- k
- J
Hi Everyone,
Apparently I haven’t been through enough. Let’s add one more, right. This time it's cancer! Yeah, me. High fives all around.
Income is limited. Life does not stop. Creditors don’t care or are unwilling to help - they want you to default. I know I’m not the only one out there struggling. I’m not ignorant nor blind to other people’s plights and struggles. I’m sharing my reality. I’ve exhausted all savings during my heart attack recovery, which is still ongoing. I have nothing left. And now I get thrown this curveball. Why not add that to pain and suffering? Insolvency is next. Why sugar coat it?
Life events:
1991: Fatal car accident; lost my best friend.
2010: Diverticulitis, bowel removal, sepsis.
2022: Diabetic coma, life-threatening DKA, pancreatitis, kidney failure, brain swelling. Neuropathy pain: daily 8/10–15/10. Imagine trying to walk on barbed wire every day. |Could have been a case study for how life threatening it was.
2023: Major car accident. Spinal, shoulder, hip injuries (litigation ongoing). Care team anticipates hip replacement in five years, possible back surgery. Typical 3rd party expects you to quit. God forbid they treat you like a human.
2025: Heart attack, double bypass. That was in May of 2025.
2025: Cancer. Urologist expects multiple surgeries likely. October 2025
Lifestyle changes:
The life I once enjoyed — swimming, golf, being active — is essentially gone. Even basic tasks leave me exhausted. People think they know the pain I live with? Care to switch spots? Gladly.
I’m done. Exhausted. Done fighting. I’m sick — really sick. I’m asking for help, and too often people find excuses not to.

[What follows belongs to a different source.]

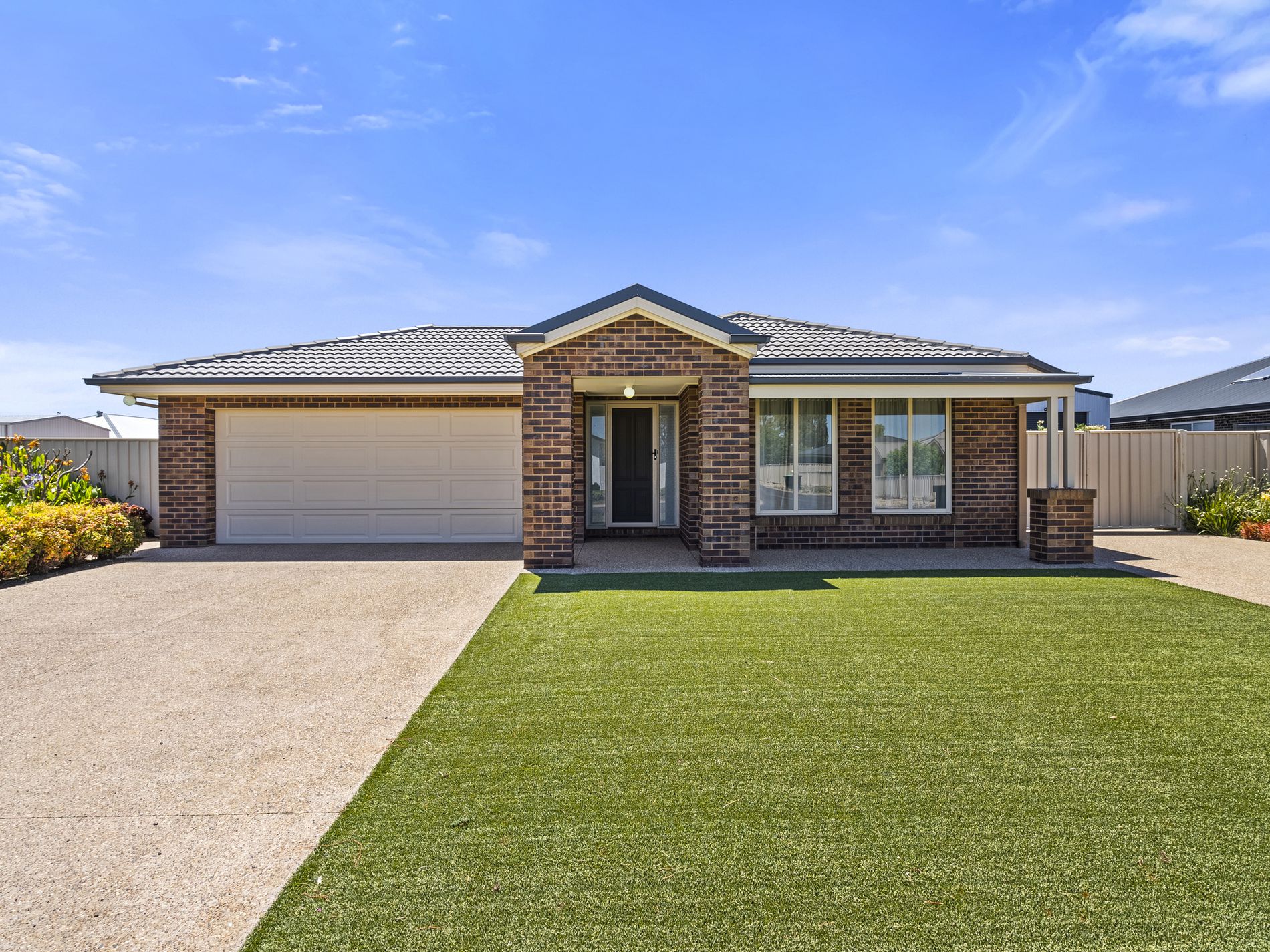 Low-maintenance living is assured with quality artificial turf at the front and rear, simple garden beds along the driveway, and solar panels to help reduce energy costs.

People can raise hundreds of thousands of dollars because their feelings got hurt, but when push comes to shove for legitimate reasons — it’s crickets. I’ll gladly be proven wrong.

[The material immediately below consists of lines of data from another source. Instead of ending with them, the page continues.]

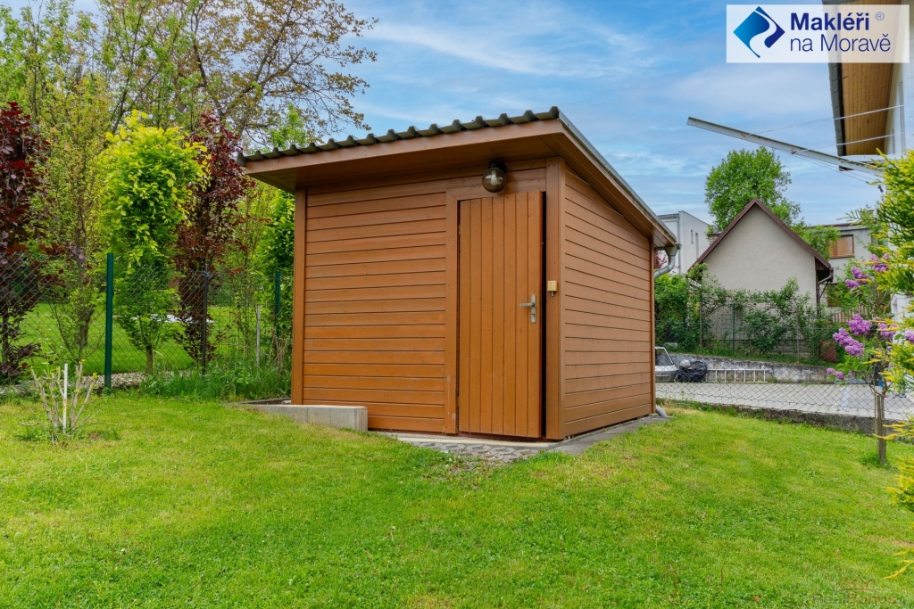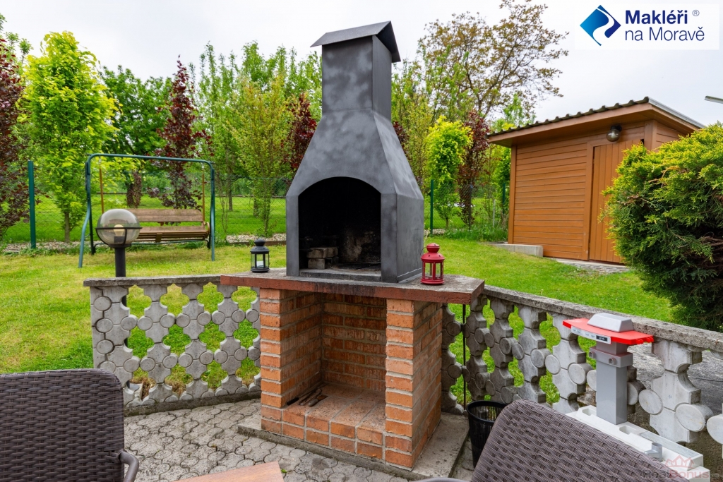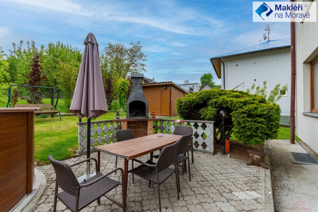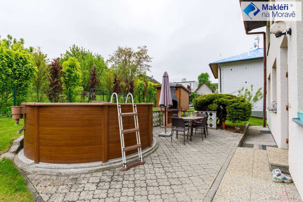 Na zahradě, která je pečlivě udržovaná, se nacházejí dvě funkční studny, což zajišťuje dostatek vody pro zahradnické aktivity, není vyloučeno, že by voda šla využívat i jako pitná. Součástí prodeje je bazén, zahradní gril a chatka s odpadem do veřejné kanalizace. Zahrada je ideálním místem pro odpočinek, ale také pro aktivní zkrášlování a pěstování rostlin. Před domem jsou k dispozici dvě parkovací místa a brána na dálkové ovládání, což přidává na pohodlí. Větší bezpečnost pak zajišťuje celooplocený pozemek.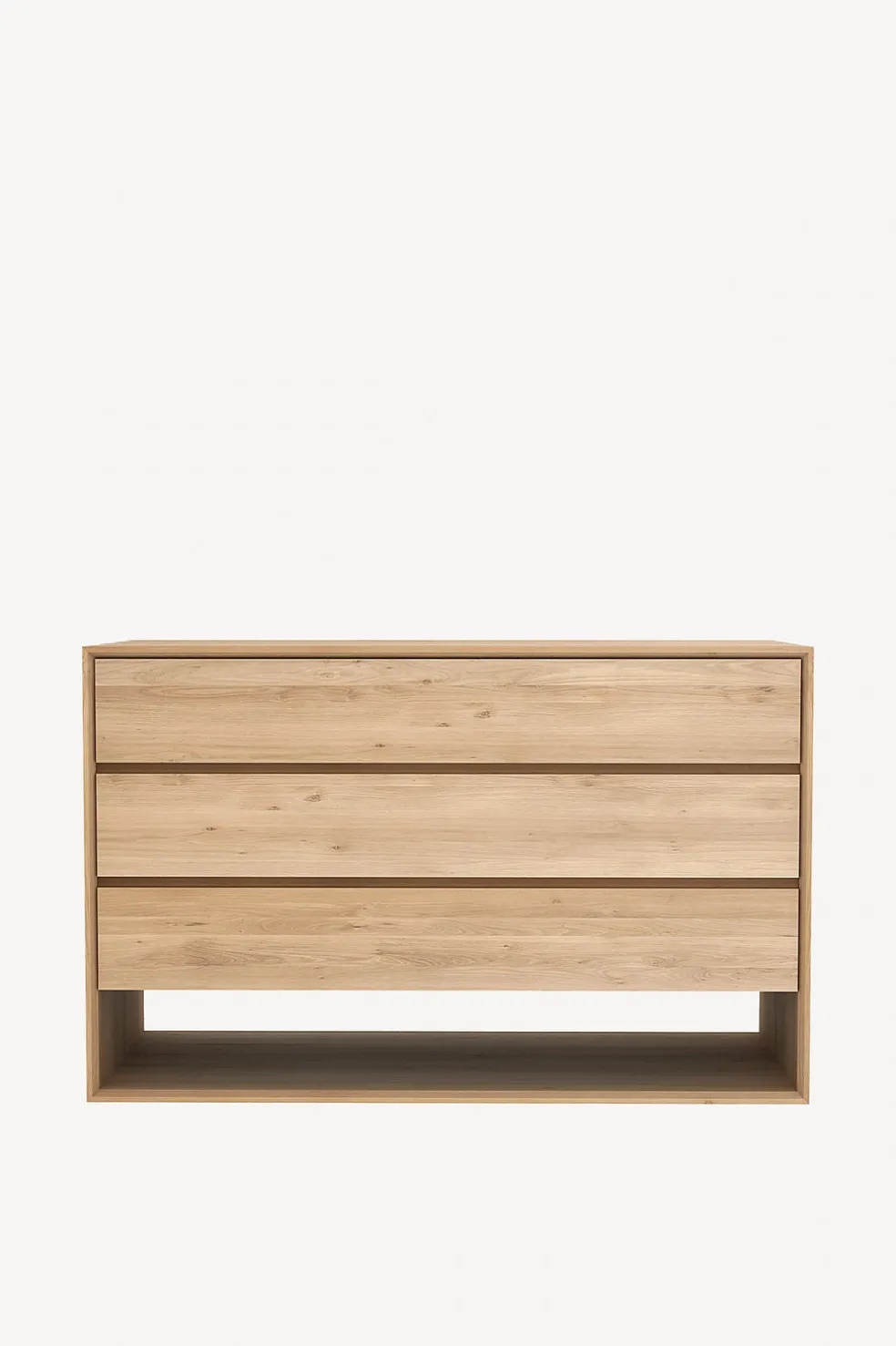 Featuring three drawers with plenty of space inside, the Oak Nordic chest of drawers combines refined Scandinavian design with the purity of solid wood. The bevelled edges accentuate the grain of the wood, bringing a sense of nature indoors.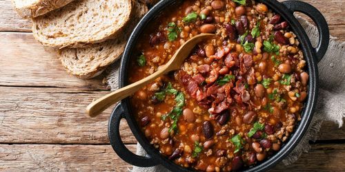 Den här enkla soppan med köttfärs, bönor och potatis är både god och mättande.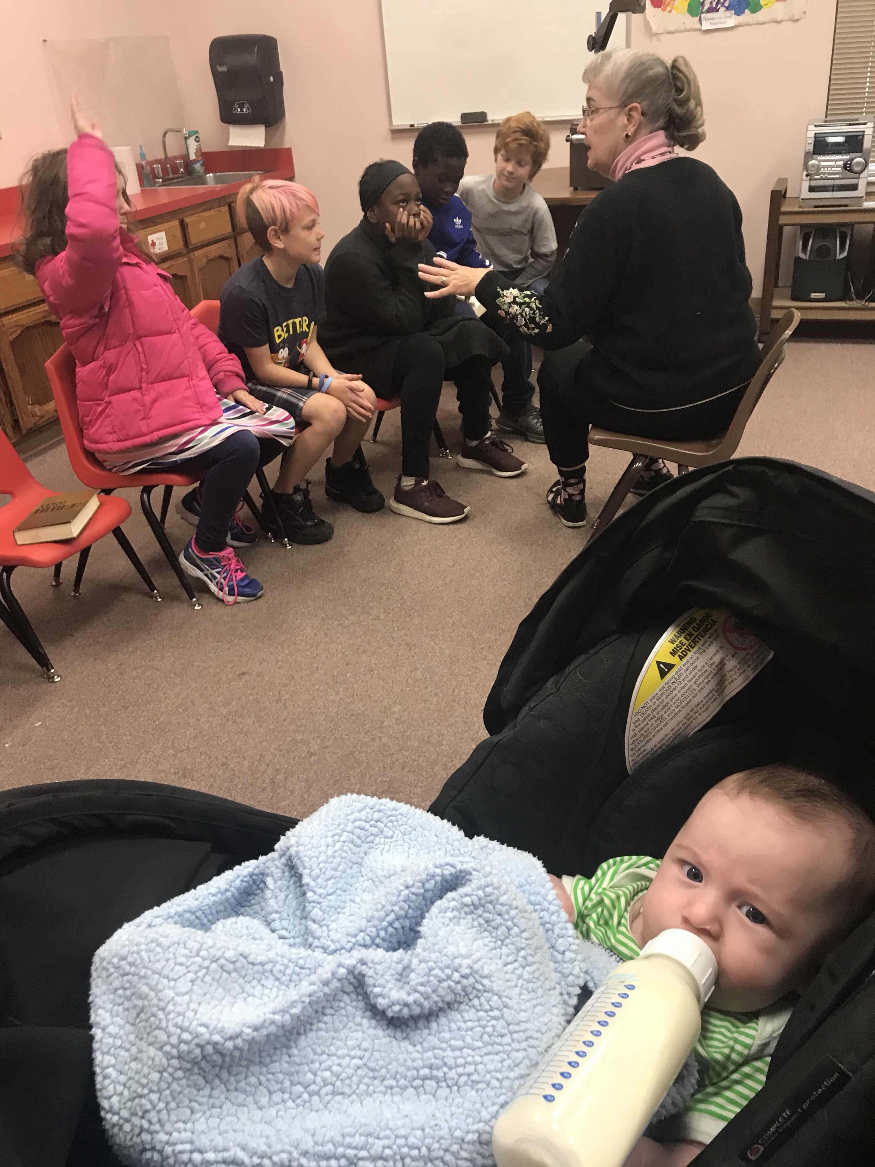 In a moment of incredibly good timing, the children were sent to wash their hands as William was getting very fussy. I used this time to take him to the church nursery and come back.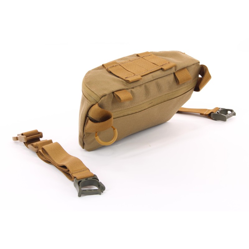 Hay cuatro accesorios MOLLE en la tapa. Hay bucles en los dos soportes exteriores MOLLE. Los accesorios opcionales, como un torniquete, pueden fijarse a estos lazos mediante un cordón de goma. Este tipo de fijación permite un acceso rápido a los accesorios.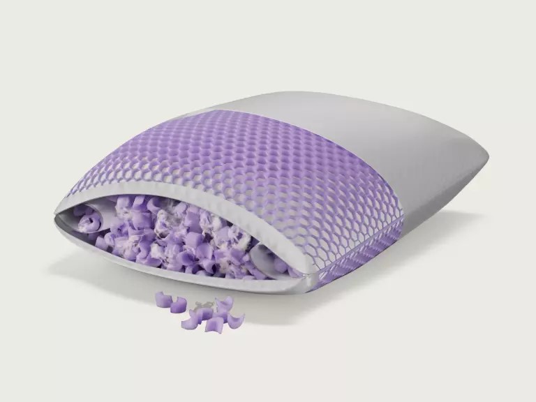 Unlike most of their products, Purple didn’t opt for latex in their pillow. Overall, we liked this pillow a lot. Inside, Purple used a proprietary Moon Foam to mold to your head, and this is fully adjustable. Additionally, they added neck roll chambers for edge support, and these are optional.

We don’t know exactly what the cancer treatment will look like until pathology comes back, but life has no consistency anymore. Every day is uncertain. The disruptions — appointments, procedures, recovery — will continue today, tomorrow, and going forward. It’s beyond exhausting.

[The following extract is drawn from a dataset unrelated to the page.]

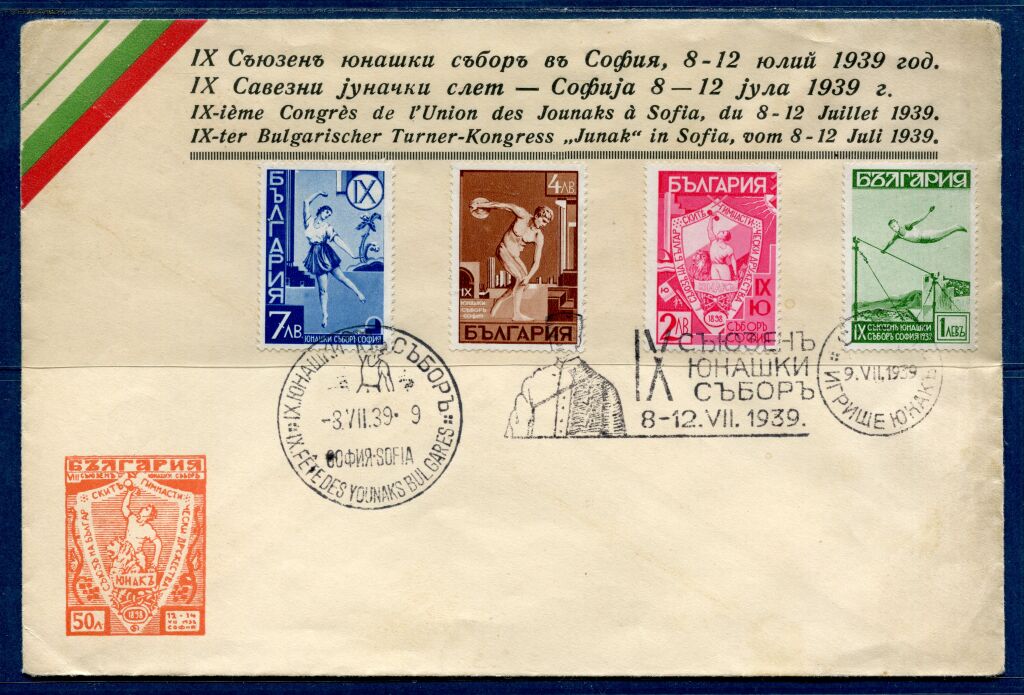 BULGARIE ( ROYAUME de…) 8 juillet 1939 - enveloppe officielle illustrée commémorative du Congrès et concours de l' union des Sociétés de Gymnastique " Jounnaks " à Sofia du 8 au 12 juillet 1939 - Enveloppe revêtue des 4 timbres n° 335 à 338 oblitérés du grand cachet spécial de l'évènement et flamme illustrée à l'image du fondateur du mouvement.

The goal I’ve set is only a fraction of what I anticipate I’ll need — likely 10x this.
The road ahead includes:
- ongoing cardiac rehab,
- ongoing physiotherapy,
- follow-up treatments,
- and everything else life keeps throwing at me.
Alberta healthcare coverage only goes so far. Employers can only tolerate disruptions for so long.
Why I’m asking for help:
- Cardiac rehab and follow-up treatment
- Ongoing physio from the car accident
- Out-of-pocket medical expenses
- Day-to-day living costs during recovery
- Catching up on deferred bills (mortgage, car, credit)
Leftover funds won’t go unused. I’ve thought a lot about it and decided they’ll be donated to two causes:
- cancer research — since this is a new road I’m on
- Dogs - a local shelter will be the beneficiary
The funds will be split equally. If it’s not for me, it won’t go to waste - someone else can sure use it.
I’m not chasing sympathy. I just want a chance to catch my breath, recover, and maybe start rebuilding the life I keep getting knocked away from.